Look at Habakkuk. 'Cause we're looking at books at the end of the Old Testament, I thought I'd choose one more. You can pronounce Habakkuk, you get a gold star. Says, "I will stand on my guard post and station myself on the rampart. I'll keep watch to see what God will speak to me, and how I may reply when I am reproved. Then the Lord answered me", in the previous chapter Habakkuk accuses God of being unfair. He said the wicked prosper, and the righteous suffer, and God answers him. "The Lord answered and said, 'Record the vision and inscribe it on tablets. The one who reads, so that the one who reads it may run. For the vision is yet for an appointed time; it hastens toward the goal, and it will not fail. Though it tarries, wait for it, for it will certainly come, it will not delay.'" I love the imagery. He said, "Write the vision down so that the one who reads it can run with it, so that it can be easily communicated, that it can be shared, it can be spread broadly".
See, what we're asking God to do isn't something, it may begin in our hearts and in our homes and around our holiday tables, but I believe we will see it spread. Thank you for that resounding response. I'm glad you're encouraged by my announcements today. I want to give you an example of someone who received a revelation from God. And I chose, I think the most obvious in all of Scripture is Abraham. Abraham, he's the father of our faith. We meet him in Genesis chapter 12. He becomes a character that's discussed throughout the remainder of the Bible. So I hope he's known to you. Abram was not Jewish. You can't speak of the Jewish people yet in Genesis chapter 12. They really haven't come into being. And God calls Abram. It's in your notes.
Genesis 12: 1, "The Lord said to Abram, 'Leave your country and your people and your father's household and go to the land I will show you. I'll make you into a great nation. I'll bless you. I'll make your name great. You'll be a blessing. I'll bless those who bless you and curse whoever curses you, and all peoples on earth will be blessed through you.'" Wow. Most of us just pray for a good parking place on the square. God said, "I'll bless everybody that blesses you, and anybody curses you, I'll curse them. I'll make your name great, and all the people in the earth will be blessed through you".
If God made that promise to one of us, we would hurt ourselves puffing out our chest. That's a revelation. Though the language is incomplete, it's inadequate. And we'll see that in a moment. Says, "So Abram left as the Lord had told him to". He just packed up. He got that message, and he loaded the U-Haul. And his wife said, "Where are we going"? He said, "I don't know". Don't you know that conversation went well? "Honey, we're moving". "No. We've always lived here". "Yeah, I know. We're going". "Where are we going"? "Not telling you". "You never tell me anything.

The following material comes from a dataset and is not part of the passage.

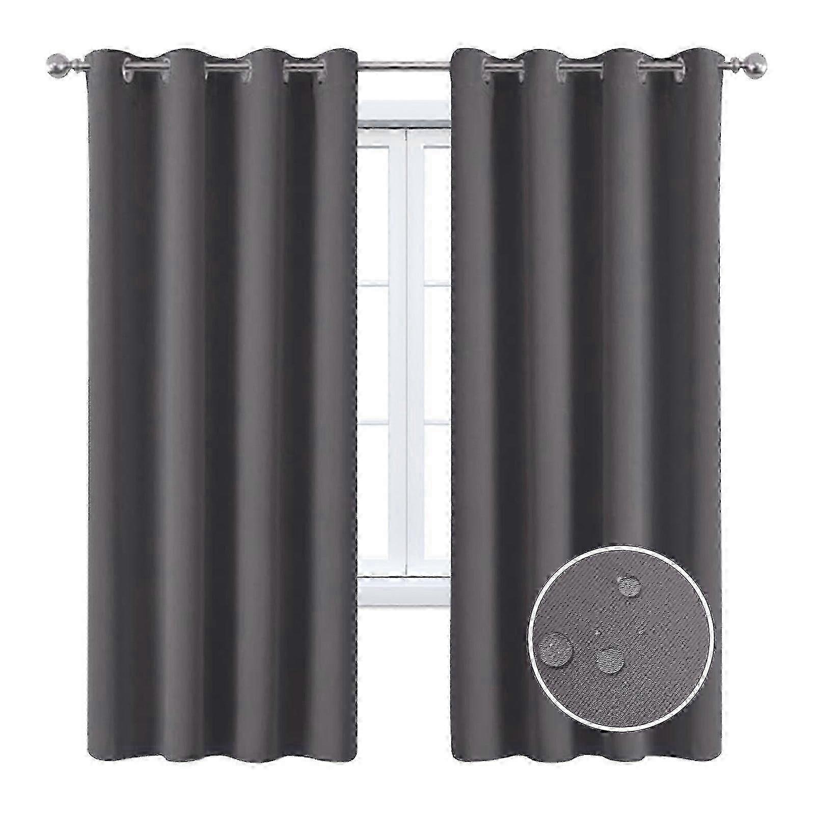 2 Pieces Solid Indoor/outdoor Light Filtering,waterproof Grommet Top Curtain Panel,grey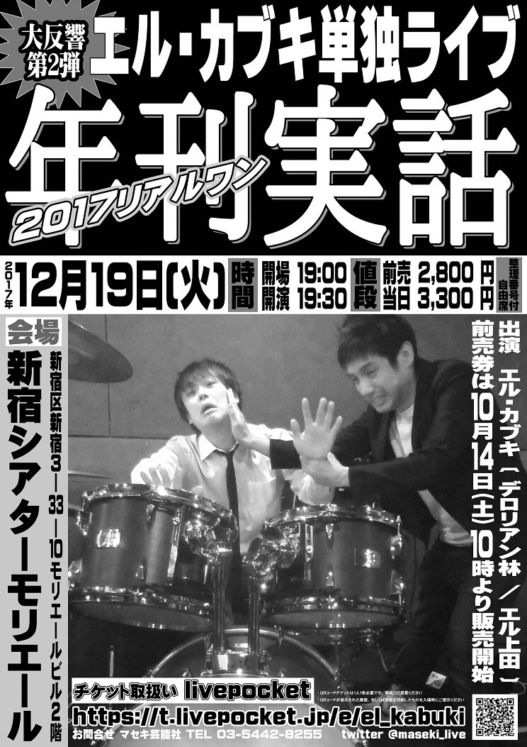 - エル・カブキ単独ライブ「年刊実話2017~リアルワン~」開催決定 - マセキ芸能社 MASEKI GEINOSHA Official Site

You always keep it to yourself". "Okay, I'll tell you. I don't know". "That doesn't make me feel better". I mean, there's just no way to craft that discussion that really goes well, but I can tell you Abram was never the same. And you and I will never be the same after God touches our lives with his vision, once you're awakened to the fact that there is a God.
Before we go I want to pray that God will give you a revelation, a vision of who Jesus is that will change your future. Let's pray:
Father, I thank you for your Word and the value it has in us, but I ask that by your Spirit you would open our hearts to understand you and your kingdom as never before in Jesus's name. Amen.